Data from the iRON have been integrated into two larger repositories, increasing the visibility and accessibility of the network by allowing users to discover iRON data alongside observations from other soil moisture, weather, and hydrologic networks.
- Quantification of Uncertainty in Ecosystem Networks through Community Harmonization (QUENCH).
- “QUENCH brings together soil moisture and weather information from networks across Colorado.”
- The International Soil Moisture Network (ISMN).
- “The ISMN is a global data hub for in situ soil moisture observations. It integrates and harmonizes measurements collected from a wide range of networks and institutions worldwide, providing open access to quality-controlled data in a standardized format.”
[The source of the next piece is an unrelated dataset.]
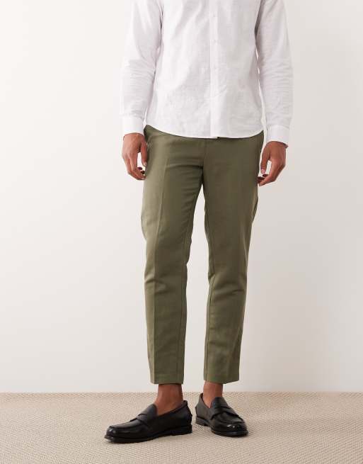 ASOS DESIGN – Olivgröna, avsmalnande finbyxor i linnerikt tyg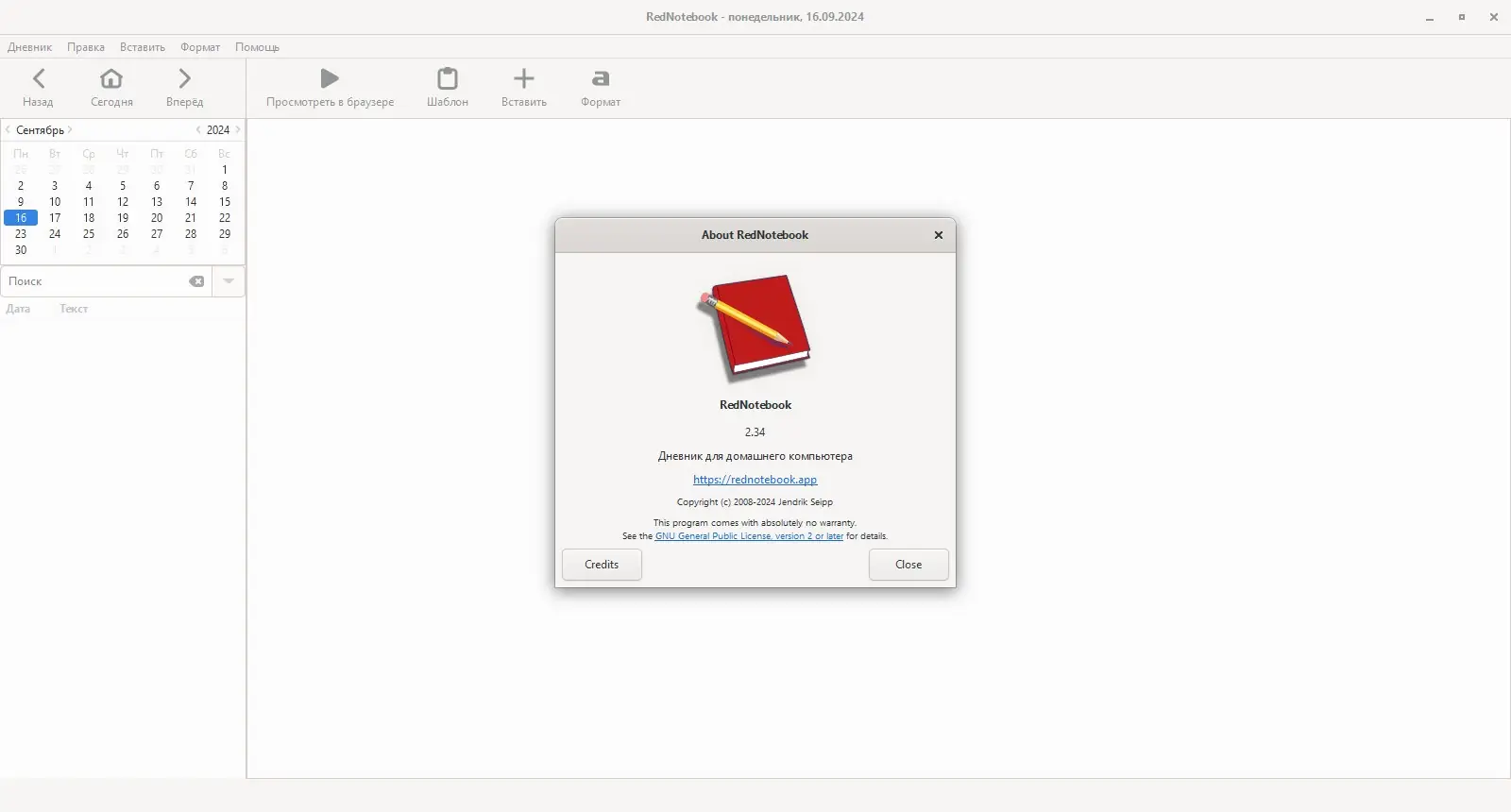 RedNotebook — это простое в использовании приложение для ведения личных заметок и дневника, написанное на Python с использованием GTK+ / Gnome. Оно подходит для структурирования мыслей, событий и действий, позволяя легко сохранять и находить записи благодаря автоматическому созданию облака тегов и интегрированному календарю.

For smaller monitoring programs, like the iRON, these partnerships provide an important opportunity to extend the impact of local observations. Contributing data to community repositories (even those that update annually rather than in real time) and adopting shared standards reduces duplication of effort, promotes interoperability, and allows individual networks to contribute to regional, national, and global understanding of environmental change.
Quality assurance and quality control (QA/QC) are critical elements to a usable and informative dataset. Community guidance such as the National Coordinated Soil Moisture Monitoring Network’s “Soil Moisture Data Quality Guidance” emphasizes the importance of standardized metadata, documented QA/QC procedures, routine maintenance, and automated quality checks. These rigorous standards allow for cross-comparison between networks and for broader data application.
The iRON’s QA/QC practices evolved alongside the network as new community standards emerged. Aligning with these broader frameworks has improved the transparency and usability of the iRON data while facilitating intercomparison with other soil moisture networks.